Nesse primeiro tomo da saga, conhecemos Robert Sax, um dono de oficina mecânica na Bélgica, em 1956, que parece não estar muito interessado no negócio que herdou do pai. Ele passa pouco tempo no lugar e, sempre que pode, delega todo o poder a um funcionário em que confia, sobrecarregando-o com trabalho. De um dia para outro, Robert se vê metido num intrincado caso de espionagem que envolve agentes romenos. Estes procuram roubar os segredos de um moderno automóvel americano, movido a energia atômica, o Nucléon 58. Quando Boon, amigo mais próximo de Sax e proprietário de uma livraria, é sequestrado pelos romenos, o desiludido homem de negócios automobilísticos entra com tudo no caso. E o melhor de tudo é que tenho esse quadrinho aqui, o único que consegui da série! Posso dizer que é espetacular, um deslumbre de HQ em capa dura!

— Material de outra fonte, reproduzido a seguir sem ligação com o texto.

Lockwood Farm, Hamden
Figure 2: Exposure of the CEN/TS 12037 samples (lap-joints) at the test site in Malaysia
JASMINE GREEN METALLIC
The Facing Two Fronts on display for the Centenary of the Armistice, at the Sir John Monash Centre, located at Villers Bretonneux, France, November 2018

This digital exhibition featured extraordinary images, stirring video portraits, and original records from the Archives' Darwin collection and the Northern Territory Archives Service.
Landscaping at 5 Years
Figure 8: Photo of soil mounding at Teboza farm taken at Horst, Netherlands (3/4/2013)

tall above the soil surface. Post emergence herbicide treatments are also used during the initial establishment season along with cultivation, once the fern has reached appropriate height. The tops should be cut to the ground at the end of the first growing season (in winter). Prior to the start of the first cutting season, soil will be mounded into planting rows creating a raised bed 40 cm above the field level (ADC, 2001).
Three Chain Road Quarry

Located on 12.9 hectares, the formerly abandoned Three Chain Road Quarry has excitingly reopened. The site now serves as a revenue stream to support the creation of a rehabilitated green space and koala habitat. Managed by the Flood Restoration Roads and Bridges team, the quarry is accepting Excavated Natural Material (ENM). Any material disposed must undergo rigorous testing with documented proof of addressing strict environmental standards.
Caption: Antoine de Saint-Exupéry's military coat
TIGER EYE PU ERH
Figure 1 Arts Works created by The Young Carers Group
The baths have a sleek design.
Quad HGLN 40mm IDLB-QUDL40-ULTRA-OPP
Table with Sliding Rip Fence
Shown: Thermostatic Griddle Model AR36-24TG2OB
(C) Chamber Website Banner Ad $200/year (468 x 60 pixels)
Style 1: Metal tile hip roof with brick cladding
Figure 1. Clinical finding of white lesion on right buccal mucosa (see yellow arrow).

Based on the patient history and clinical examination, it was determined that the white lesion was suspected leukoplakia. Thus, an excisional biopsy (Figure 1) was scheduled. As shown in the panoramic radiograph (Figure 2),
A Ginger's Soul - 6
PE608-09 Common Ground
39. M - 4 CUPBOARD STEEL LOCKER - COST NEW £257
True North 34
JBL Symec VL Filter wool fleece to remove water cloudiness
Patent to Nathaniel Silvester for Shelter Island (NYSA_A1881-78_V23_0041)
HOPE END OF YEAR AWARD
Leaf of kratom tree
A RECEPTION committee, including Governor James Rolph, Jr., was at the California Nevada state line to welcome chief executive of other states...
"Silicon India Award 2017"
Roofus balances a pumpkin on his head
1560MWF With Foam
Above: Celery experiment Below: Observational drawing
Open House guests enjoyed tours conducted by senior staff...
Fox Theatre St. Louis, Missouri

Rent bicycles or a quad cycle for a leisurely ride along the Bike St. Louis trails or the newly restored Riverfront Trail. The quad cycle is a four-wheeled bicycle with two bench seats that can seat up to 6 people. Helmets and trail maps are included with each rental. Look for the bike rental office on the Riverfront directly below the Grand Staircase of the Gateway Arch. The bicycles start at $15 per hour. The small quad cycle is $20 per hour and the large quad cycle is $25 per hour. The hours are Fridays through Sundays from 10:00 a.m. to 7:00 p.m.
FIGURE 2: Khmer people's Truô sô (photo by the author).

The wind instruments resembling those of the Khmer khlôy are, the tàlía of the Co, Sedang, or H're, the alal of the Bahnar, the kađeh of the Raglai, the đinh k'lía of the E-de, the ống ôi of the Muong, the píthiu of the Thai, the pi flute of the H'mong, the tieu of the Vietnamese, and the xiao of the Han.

Já no volume dois, de 2016, Paradis Perdus, uma cantora de cabaré é assassinada, após uma de suas apresentações num começo de noite gelada de janeiro. O lugar em que se desenrola o drama e a maneira operante do matador trazem desagradáveis lembranças a Robert Sax. Ele recorda intensamente a morte da esposa, acontecida quatro anos antes, tragédia que nunca foi esclarecida de fato. Ajudado por seu cunhado, Sax conduz uma detalhada investigação sobre o caso.

No mês de fevereiro de 2018, sai a terceira BD do herói, intitulada Villa Borg (Mansão Borg). Seria uma citação a Mistério Borg, HQ de Lefranc, desenhada e roteirizada por Jacques Martin? E essa nova aventura tem trama começando no Polo Sul e se extendendo até o litoral da Bélgica. As peças começam a se juntar para outra aguardada história de Sax, assim que um casal acompanhado por seus dois filhos pequenos passeia por uma praia do Norte da Bélgica e fica cara a cara com um cadáver parcialmente devorado por gaivotas. E o defunto tem uma curiosa tatuagem no braço! Enquanto isso, a sedutora Carol Barlow volta para uma missão na Bélgica e chama Robert Sax, para que ele se faça passar por seu marido, um papel perfeito para esse tenebroso sedutor.

Aí está mais um daqueles quadrinhos bem legais que eu vou ter que fazer das tripas coração para conseguir no Brasil! Que pena! Podia ser diferente! Me colocando uma editora na mão, você iriam ver!

Por PH, a partir de textos fornecidos pelo editor.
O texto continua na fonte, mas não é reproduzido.